We also extend the Stable Transformer architecture with Adaptive Attention Span on a partially observable (POMDP) setting of Reinforcement Learning. To our knowledge this is one of the first attempts to stabilize and explore Adaptive Attention Span in an RL domain.

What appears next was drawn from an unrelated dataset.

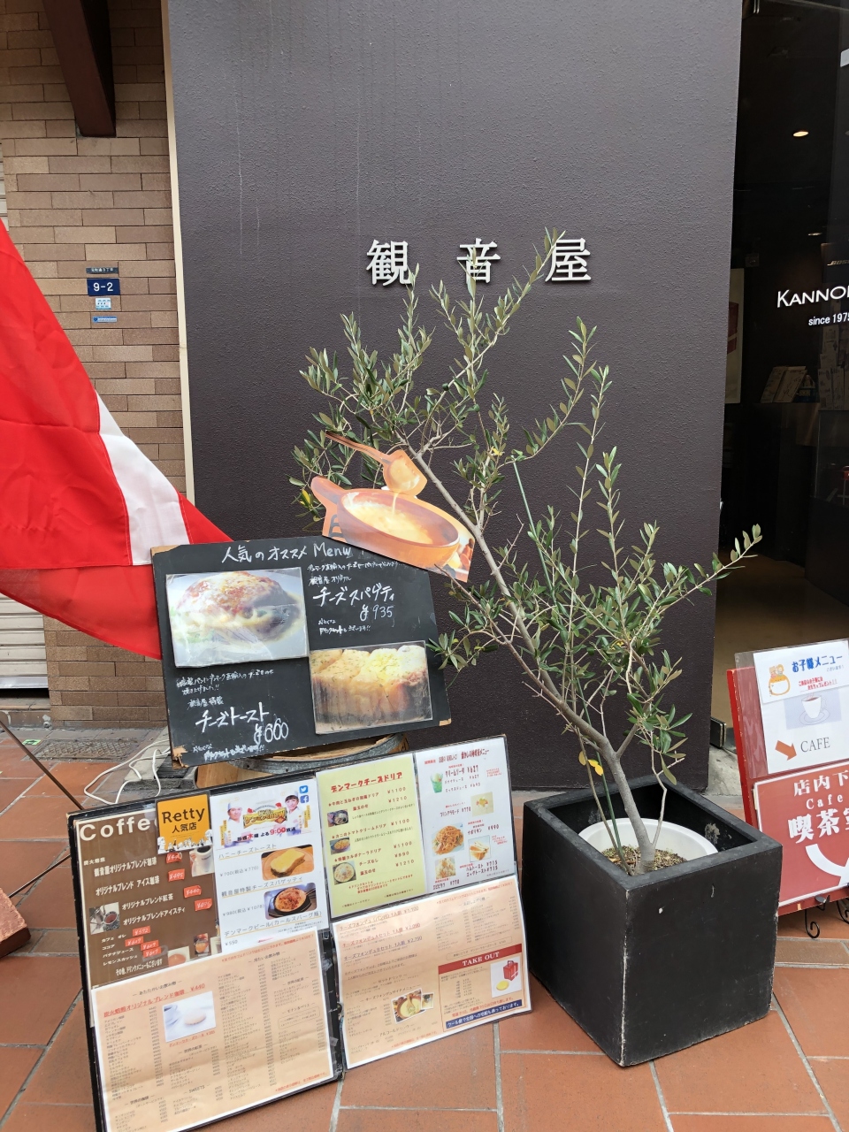 お店に入るとテイクアウトのショーケースがあり、階段を地下に降りていくとカフェになっています。店内に観音様があるので観音屋さんだということを初めて知りました(笑)

Steps to replicate what we did on your own machine
-
Downloading DMLab:
- Build DMLab package with Bazel– https://github.com/deepmind/lab/blob/master/docs/users/build.md
- Install the python module for DMLab– https://github.com/deepmind/lab/tree/master/python/pip_package
-
Downloading Atari: Getting Started with Gym– http://gym.openai.com/docs/#getting-started-with-gym
-
Execution notes:
- The experiments take around 4 hours on 32vCPUs and 2 P100 GPUs for 6 million environment interactions. To run without a GPU, use the flag “--disable_cuda”.
- For more details on other flags, see the top of train.py (include a link to this file) which has descriptions for each.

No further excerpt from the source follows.